Q: Can you take us through the process of restoring The Memphis Belle: The Story of a Flying Fortress?

Nelson: Every one of the original prints have all faded, in some cases beyond recognition, and after an unsuccessful worldwide search to find a decent copy of the original, there seemed to be no possibility of restoration. We decided to take a chance by hoping that our 34 reels constituted the entirety of The Memphis Belle, and decided to place over 500 individual shots over The Memphis Belle’s existing soundtrack. This heralds a new kind of restoration – where a film is literally recut from scratch – with all of the original elements – yet preserves exactly the same content of the original. Every frame was colour corrected and artifacts removed. By using the best existing print from the National Archives, we were able to restore the titles and the original animation, which presented one of the project’s greatest challenges, as we had to determine and then augment their original colours, which had faded over the last 75 years.

(Image source: Vulcan Productions)

Q: You gathered interviews with surviving Air Force veterans of World War Two, putting together a so-called “composite” crew to tell their stories about flying missions like those seen in The Cold Blue. How did you find the interview subjects?

Nelson: The historian for the Eighth Air Force, Nancy Toombs, put us in touch with a composite crew, with one man who served in each position on the airplane, including her father, William. As Nancy knew each of them personally, she knew that they were articulate and able to recall the exact details of their experiences, something that one cannot take for granted any more. As none of our subjects was under the age of 90, we had to drive to them, so we traveled across the country in late August of 2017, and visited each of them at their homes, in most cases, with their families in attendance.

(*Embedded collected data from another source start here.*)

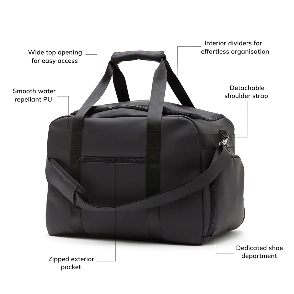 The secure zipper main compartment, multiple interior pockets for easy organization, and dedicated shoe compartment on the short side keep contents clean and accessible. Sturdy handles allow full loading, while the adjustable shoulder strap ensures comfortable portability.
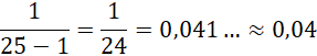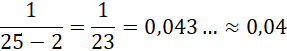 Odejmuj od mianownika kolejne liczby naturalne, a następnie znajdź przybliżenie do części setnych otrzymanych ułamków. Powtarzaj to, dopóki przybliżenie będzie równe 0,04. Weź największą z liczb, która spełnia warunki zadania.
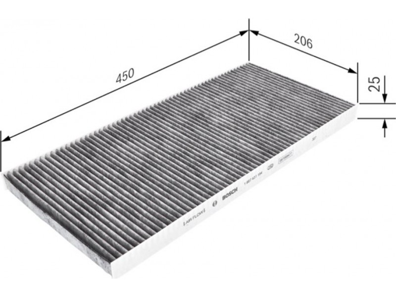 Criteries : Έκδοση με ενεργό άνθρακα (αρ. προϊόντος) 1987432541, Μήκος [mm] 450, Παραλλαγή φίλτρου φίλτρο ενεργού άνθρακα, Πλάτος [mm] 206, Ποσότητα 1, Υψος [mm] 25
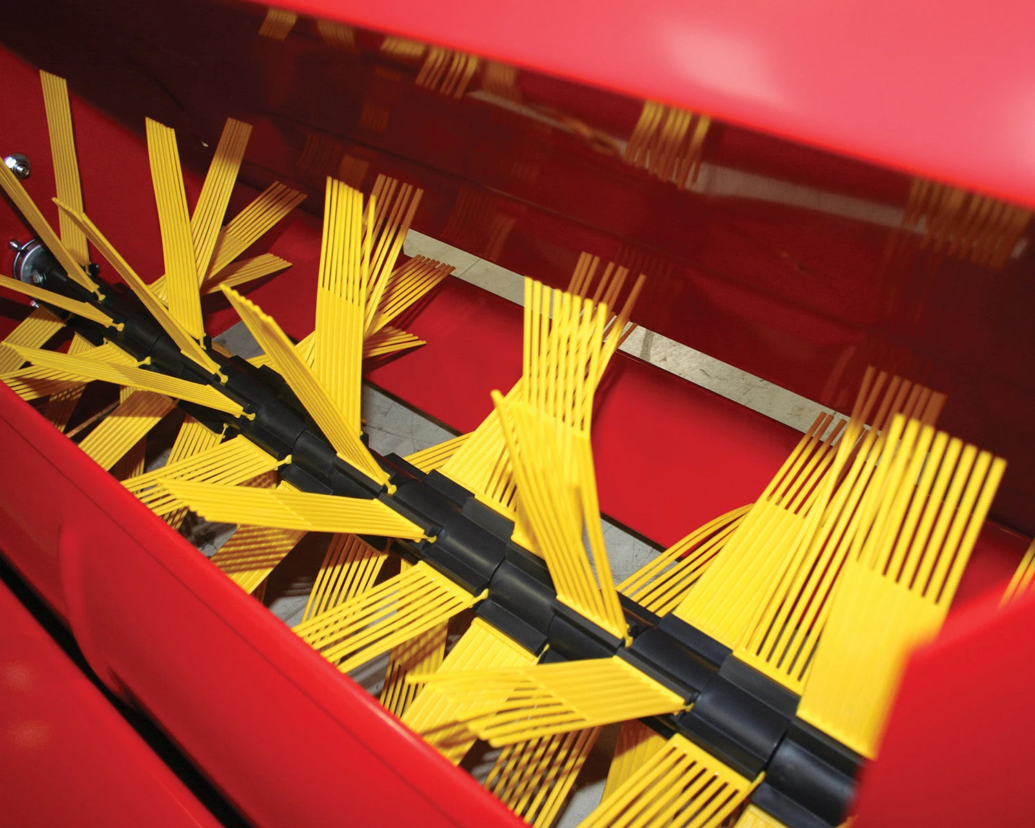 Power is provided by a belt drive from the tractor and because the collector does not rely on a flow of air to collect the grass, collection performance is excellent even in wet conditions when air-blown collection systems might block. The grass collector is switched on and off at the push of a button.
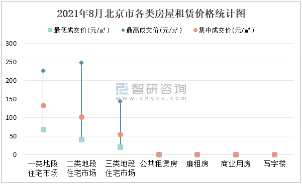 根據國信房地產信息網數據可知:2021年8月北京市7類房屋中,公共租賃房、廉租房、商業用房、寫字樓無統計數據;一類地段住宅市場租賃最低成交價、集中成交價均高于其他類房屋價格,二類地段住宅市場租賃最高成交價最高,為248.42元/m²;三類地段住宅市場租賃集中成交價約為54.26元/m²。
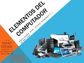 El documento explica qué es un computador, destacando su papel como máquina electrónica que procesa datos y realiza múltiples tareas cotidianas. Se detallan las partes del hardware, incluyendo tipos como portátiles y de escritorio, y dispositivos de entrada, procesamiento, salida y almacenamiento. También se menciona el software, categorizándolo por uso y licencia.
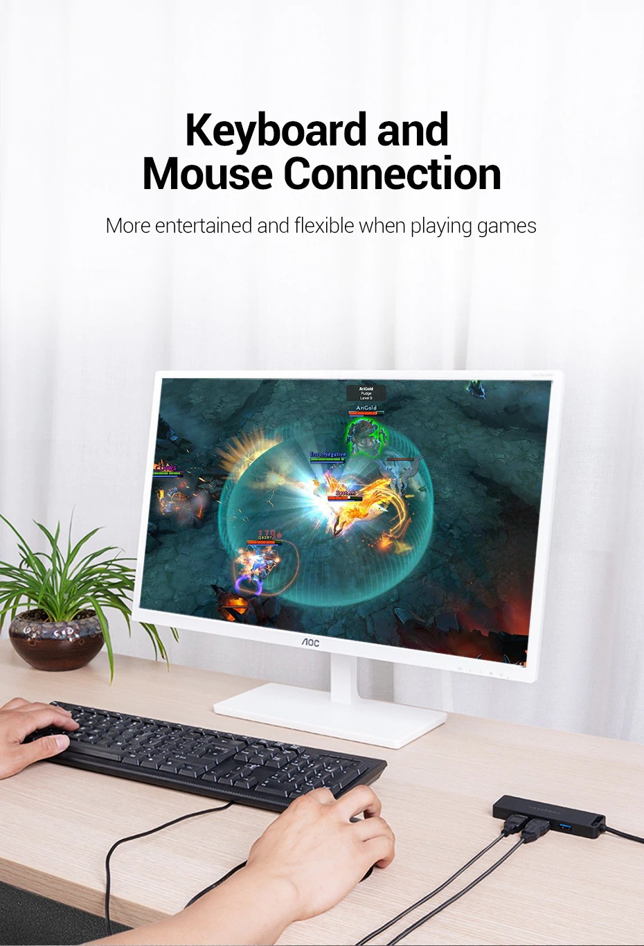 INTERVENTIE 4-port USB 3.0 hub gewoon helpt u maximaal 4 USB apparaten op uw PC of Laptop, zoals externe harde schijven, USB flash drives, muis, toetsenbord, USB hoofdtelefoon, speakers, kaartlezer, en veel meer usb-apparaten. Turn 1 van uw computer USB 3.0 poorten in 4, houdt je weg van de problemen van inpluggen & loskoppelen herhaaldelijk.
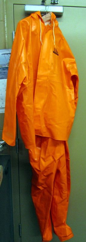 2 SLIP-ON BUTTPADS. BLAZE ORANGE RAINCOAT, SIZE LARGE
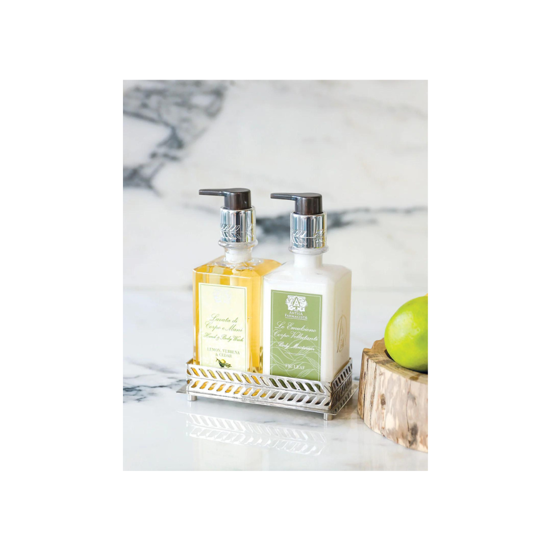 THE PRODUCT: Our Bath & Body Tray is made to perfectly hold two 10oz Antica Bath & Body products. Our luxuriously detailed nickel-plated trays are the perfect accompaniment for your Antica home ambiance and bath and body products. A polished look ideal for a powder room, kitchen or any refined space in your home

For more information about screenings, CLICK HERE. The Cold Blue will premiere on HBO in June, of 2019. Here’s the trailer…

3 thoughts on “‘The Cold Blue’ – New Documentary Dazzles with Digitally Restored Wartime Bomber Footage

  1. Awesome! Never would have thought this possible. Looking at the faces of these handsome young men using what appears to be modern photography makes it seem so much more real. I always tried to imagine, but now I see!

  2. I saw this for the first time on HBO this past week. The restoration to color is well done and brings a new dimension to these visual images. Most of the material is from William Wyler’s 1943 documentary about the Memphis Bell. However, there is a new storyline that explains the experience of 8th Air Force B-17 crews in 1943. “The Cold Blue” is a great achievement. I wish it was longer than 70 minutes.